§ Your instructions
Write out the lines below exactly, beginning at the one with "Ketik : DAFFINA" and stopping after the one with "10月9日,工作人員在廣東肇"; the pictures are not copied.

§ Recorded data
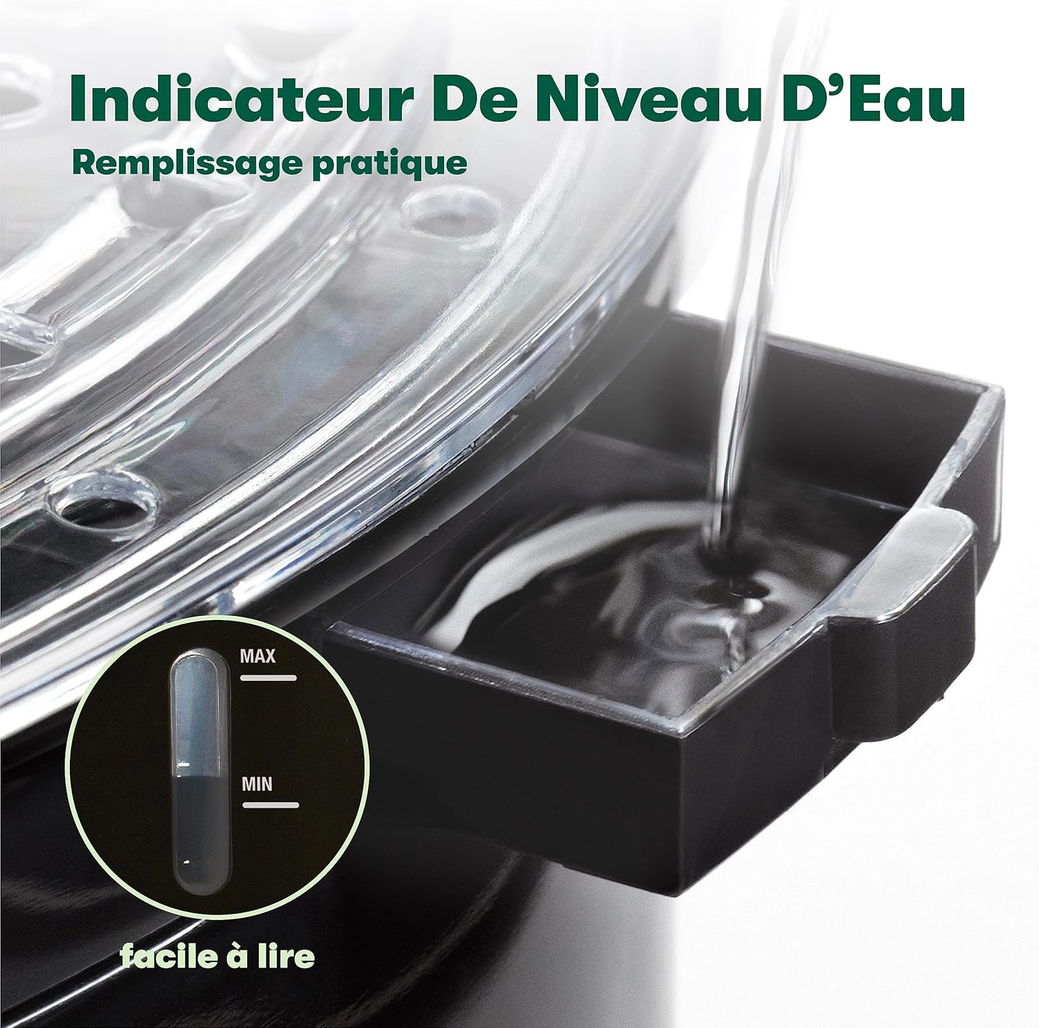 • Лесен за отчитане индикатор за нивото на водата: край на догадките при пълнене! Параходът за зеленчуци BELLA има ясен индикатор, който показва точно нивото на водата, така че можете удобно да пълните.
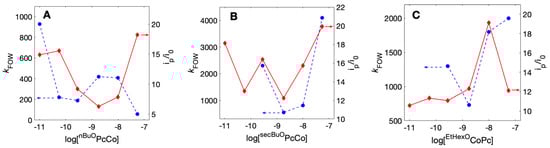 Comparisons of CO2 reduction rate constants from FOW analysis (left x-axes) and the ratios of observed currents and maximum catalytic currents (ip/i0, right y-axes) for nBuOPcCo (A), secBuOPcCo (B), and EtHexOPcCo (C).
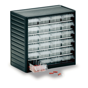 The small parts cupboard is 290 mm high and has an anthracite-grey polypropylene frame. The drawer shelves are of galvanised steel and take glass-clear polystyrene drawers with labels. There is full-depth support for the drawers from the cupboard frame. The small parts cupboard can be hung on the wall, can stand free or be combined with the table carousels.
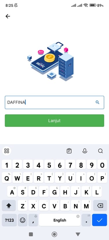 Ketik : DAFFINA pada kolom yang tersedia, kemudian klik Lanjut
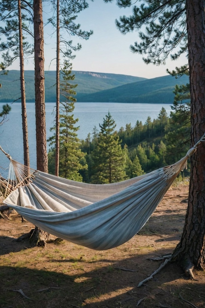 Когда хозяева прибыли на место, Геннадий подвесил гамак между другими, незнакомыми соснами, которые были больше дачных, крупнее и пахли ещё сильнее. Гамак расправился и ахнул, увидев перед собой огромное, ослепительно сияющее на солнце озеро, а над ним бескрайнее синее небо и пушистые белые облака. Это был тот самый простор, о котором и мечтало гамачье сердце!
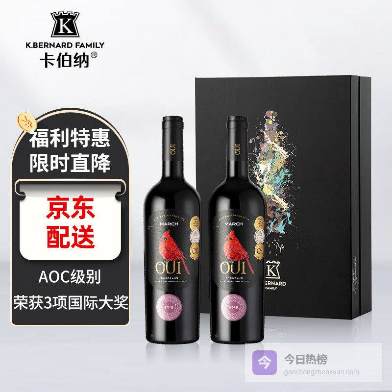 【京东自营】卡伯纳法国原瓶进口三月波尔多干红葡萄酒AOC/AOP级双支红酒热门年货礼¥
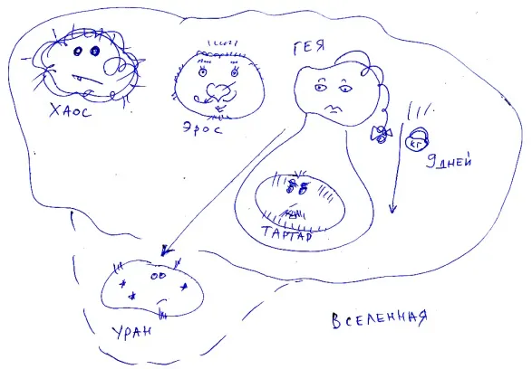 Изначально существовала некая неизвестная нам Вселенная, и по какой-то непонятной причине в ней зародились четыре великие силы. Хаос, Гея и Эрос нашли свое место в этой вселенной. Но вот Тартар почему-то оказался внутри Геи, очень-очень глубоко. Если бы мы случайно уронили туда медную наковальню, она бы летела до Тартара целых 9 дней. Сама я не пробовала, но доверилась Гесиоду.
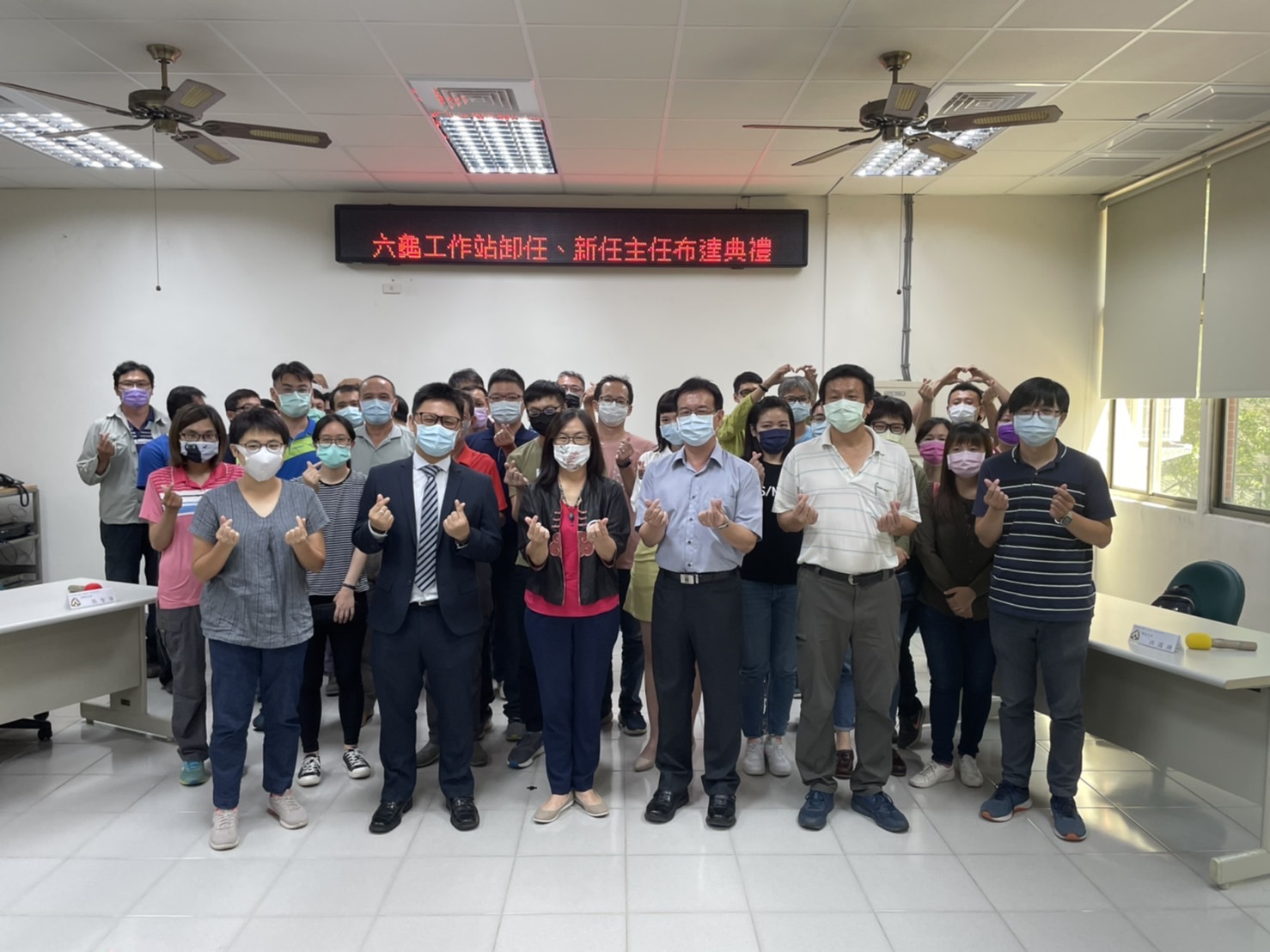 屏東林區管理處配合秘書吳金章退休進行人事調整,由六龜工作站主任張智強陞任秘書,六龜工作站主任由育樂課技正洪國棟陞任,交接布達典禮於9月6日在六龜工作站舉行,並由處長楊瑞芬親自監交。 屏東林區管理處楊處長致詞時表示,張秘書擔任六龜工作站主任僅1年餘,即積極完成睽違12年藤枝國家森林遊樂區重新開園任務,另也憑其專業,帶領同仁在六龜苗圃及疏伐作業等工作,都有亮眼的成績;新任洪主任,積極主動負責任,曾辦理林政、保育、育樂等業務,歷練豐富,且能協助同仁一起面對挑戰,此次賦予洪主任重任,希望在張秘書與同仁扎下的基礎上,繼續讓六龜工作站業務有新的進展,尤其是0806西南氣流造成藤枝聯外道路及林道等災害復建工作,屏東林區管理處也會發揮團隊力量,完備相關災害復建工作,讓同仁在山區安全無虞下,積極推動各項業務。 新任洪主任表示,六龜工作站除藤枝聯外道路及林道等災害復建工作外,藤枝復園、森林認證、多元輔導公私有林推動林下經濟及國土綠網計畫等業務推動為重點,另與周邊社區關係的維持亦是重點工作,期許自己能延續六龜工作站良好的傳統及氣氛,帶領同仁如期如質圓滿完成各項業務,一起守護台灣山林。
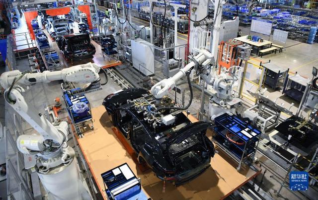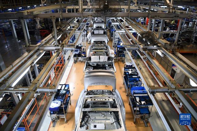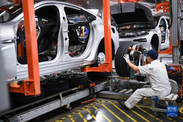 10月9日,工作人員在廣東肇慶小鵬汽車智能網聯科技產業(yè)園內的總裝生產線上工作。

---

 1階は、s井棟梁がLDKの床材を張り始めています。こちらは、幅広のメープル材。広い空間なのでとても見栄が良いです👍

§ Task solution
 Ketik : DAFFINA pada kolom yang tersedia, kemudian klik Lanjut
 Когда хозяева прибыли на место, Геннадий подвесил гамак между другими, незнакомыми соснами, которые были больше дачных, крупнее и пахли ещё сильнее. Гамак расправился и ахнул, увидев перед собой огромное, ослепительно сияющее на солнце озеро, а над ним бескрайнее синее небо и пушистые белые облака. Это был тот самый простор, о котором и мечтало гамачье сердце!
 【京东自营】卡伯纳法国原瓶进口三月波尔多干红葡萄酒AOC/AOP级双支红酒热门年货礼¥
 Изначально существовала некая неизвестная нам Вселенная, и по какой-то непонятной причине в ней зародились четыре великие силы. Хаос, Гея и Эрос нашли свое место в этой вселенной. Но вот Тартар почему-то оказался внутри Геи, очень-очень глубоко. Если бы мы случайно уронили туда медную наковальню, она бы летела до Тартара целых 9 дней. Сама я не пробовала, но доверилась Гесиоду.
 屏東林區管理處配合秘書吳金章退休進行人事調整,由六龜工作站主任張智強陞任秘書,六龜工作站主任由育樂課技正洪國棟陞任,交接布達典禮於9月6日在六龜工作站舉行,並由處長楊瑞芬親自監交。 屏東林區管理處楊處長致詞時表示,張秘書擔任六龜工作站主任僅1年餘,即積極完成睽違12年藤枝國家森林遊樂區重新開園任務,另也憑其專業,帶領同仁在六龜苗圃及疏伐作業等工作,都有亮眼的成績;新任洪主任,積極主動負責任,曾辦理林政、保育、育樂等業務,歷練豐富,且能協助同仁一起面對挑戰,此次賦予洪主任重任,希望在張秘書與同仁扎下的基礎上,繼續讓六龜工作站業務有新的進展,尤其是0806西南氣流造成藤枝聯外道路及林道等災害復建工作,屏東林區管理處也會發揮團隊力量,完備相關災害復建工作,讓同仁在山區安全無虞下,積極推動各項業務。 新任洪主任表示,六龜工作站除藤枝聯外道路及林道等災害復建工作外,藤枝復園、森林認證、多元輔導公私有林推動林下經濟及國土綠網計畫等業務推動為重點,另與周邊社區關係的維持亦是重點工作,期許自己能延續六龜工作站良好的傳統及氣氛,帶領同仁如期如質圓滿完成各項業務,一起守護台灣山林。
 10月9日,工作人員在廣東肇慶小鵬汽車智能網聯科技產業(yè)園內的總裝生產線上工作。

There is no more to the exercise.